86 Il est frappant que tout ce qui concerne l’idée d’un mécanisme économique est développé ici à propos de registres qui échappent justement à la théorie des richesses comme valeurs échangeables, ce qui va contre l’idée d’une solidarité entre l’emploi des mathématiques et le recours aux images mécaniques ; cf. infra, notre deuxième partie.

87 Aussi, du point de vue de l’économiste, les dépenses peuvent être improductives ou productives « d’une manière directe ou indirecte : par la production de valeurs nouvelles, ou par le développement d’aptitudes de forces productrices qui doivent être ultérieurement des sources de richesse » (P, §32).

« Si un industriel emploie indifféremment m unités de la denrée A ou n unités de la denrée B, parce qu’il obtient ainsi le même produit, moyennant la même dépense, on est bien fondé à dire que m unités A sont l’équivalent économique de n unités B » (P, §33).

Ce qui ressort de cette comparaison, c’est surtout la possibilité de rendre comparables les biens au regard de cette valeur économique, ce que traduit le passage suivant :

« Les chimistes ont construit leur table d’équivalents, d’abord en comparant à une certaine substance chimique A d’autres substances B, C, D,… qui lui sont directement comparables, puis en comparant avec une de celles-ci (C par exemple) d’autres substances H, I, K,… que l’on ne pourrait pas directement comparer avec A ou B, et ainsi de suite. Il en serait de même pour l’équivalence économique ou industrielle. Le bois est comparable à la houille, par la quantité de chaleur qu’il développe dans la combustion et par la quantité de force mécanique que cette chaleur peut développer, ou mieux encore par la fraction des quantités développées que l’on peut utiliser économiquement : pendant que, par les services qu’il rend dans les constructions, il est comparable à la fonte, au fer forgé, à la pierre de taille, que l’on ne saurait comment mettre en comparaison directe avec la houille » (P, §33).

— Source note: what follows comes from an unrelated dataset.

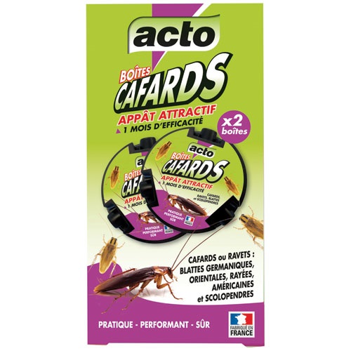 La boîte appât à attractif cafards et blattes en lot de 2 de chez Acto est prête à l'emploi. Cet appât de longue durée est pratique et sûr. Actif sur les cafards, ravets, blattes germaniques, orientales, rayées, américaines. Facile à mettre en œuvre, les boîtes-appât se placent sur les lieux de passage des blattes et dans les endroits chauds et humides . L’appât est très appétent pendant 1 mois. : ACTO boîtes cafards permet d’éviter tout contact de l’utilisateur avec l’appât. C’est un gel appât très appétent pour l’élimination des blattes. L’appât est composé d’ingrédients détectables à distance par les blattes facilitant ainsi un contact rapide avec le produit. Sa forte appétence permet une bonne ingestion du gel. Il agit en 24 heures après l’ingestion et élimine totalement les adultes en 4 jours. Simple d'utilisation, il suffit de retirer les trois ergots de la boîte-appât. Déposer les boîtes-appât dans les endroits chauds, humides et sombres (cuisine, salle de bains). En cas de forte infestation, renouveler le traitement tous les mois. Pour stopper l’action biocide, retirer les boîtes-appât des lieux traités. Stocker le produit entre 5 et 35°C. Craint le gel. Dose d'utilisation en préventif : 1 boîte pour 15 m², en curatif : 2 boîtes pour 15 m².

Cette notion ne s’applique pas seulement aux biens, mais aussi au travail de l’homme. « Le travail purement mécanique de l’homme est comparable à celui d’une machine à vapeur que la houille ou le bois alimentent88 » (P, §34). Ces définitions visent en réalité à isoler un objet

dont les contours apparaissent plus nettement si on en présente les enjeux théoriques.